I moved to FFT implementation(2) for reducing complexity to O(nlog2n). Using vDSP_fft2d_zip, gained speed to an extent. But using vDSP_fft2d_zip on 2D arrays at non powers of 2, we need to pad zeros. For e.g. on a 2D array of size 640 * 480, we need to pad zeros to make it 1024 * 512. Other FFT implementations like FFTW or OpenCV's DFT allow sizes which could be expressed as size = 2p * 3p * 5r. That allows, FFTW/OpenCV to do FFT of 640 * 480 2D array at the same size.
So for 2D arrays at size 640*480, in an Accelerate vs FFTW/OpenCV comparison, it is effectively between 1024*512 and 640*480 dimensions. So what ever performance gains I get from Accelerate's FFT on 2D arrays is nullified by it's inability to performs FFT at reasonable dimensions like size = 2p * 3p * 5r
2 Queries.
Am I missing any Accelerate functionality to perform this easily ? For e.g. any Accelerate function which could perform 2D array FFT at size = 2p * 3p * 5r. I assume vDSP_DFT_Execute performs only 1D FFT.
Better approaches to 2D FFT or correlation. Like in this answer(3), which asks to split arrays like 480 = 256 + 128 + 64 + 32 with repeated 1D FFT's over rows and then over columns. But this will need too many functions calls and I assume, will not help with performance.
Of lesser importance: I am doing correlation in tiles as one of the 2D arrays is far bigger then another. Say like 1920*1024 vs 150*100.

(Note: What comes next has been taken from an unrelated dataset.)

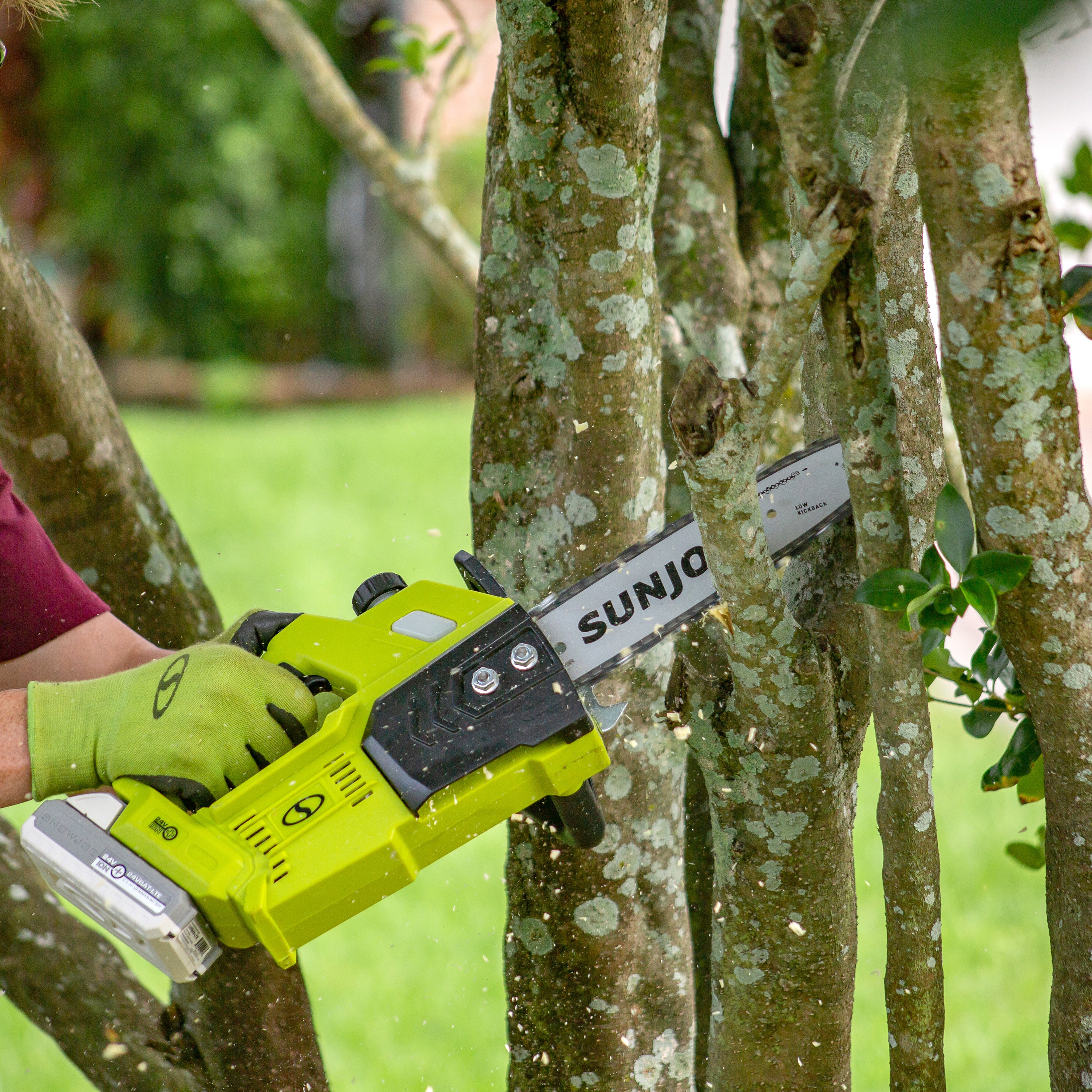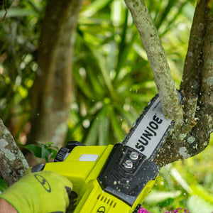 So, cut your tree trimming tasks down to size — and Go With Joe®. The 24V-10CS 24-Volt*, 10-Inch Cordless Chain Saw from SUN JOE®. GET EQUIPPED®.
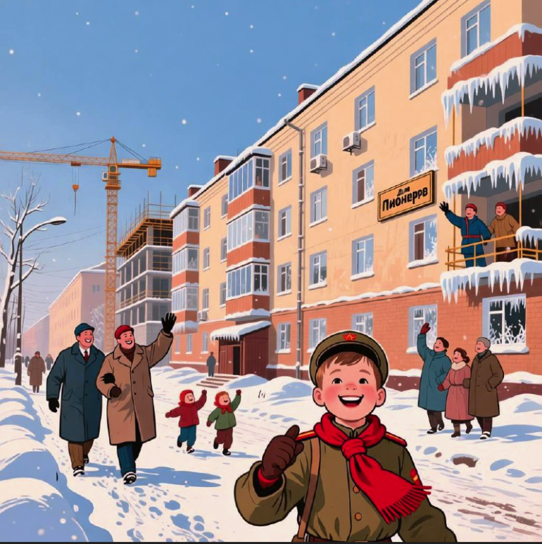 Новый год сулит ещё больший размах жилищного строительства. И это вызывает у людей радостную улыбку. Партия и правительство не жалеют денег ради счастья народа…

Linear convolution or correlation requires zero padding anyway, otherwise the result will be circular convolution or correlation.
1d iOS vDSP/Accelerate FFTs do allow N to be the product of small primes, not just 2^M. Not sure about 2d, but one can build a 2d FFT out of a 1d FFT.

Related

2D FFT using 1D FFT on 1D vector

Based on this post i can apply 1DFFT on each row and then each column of a 2D vector.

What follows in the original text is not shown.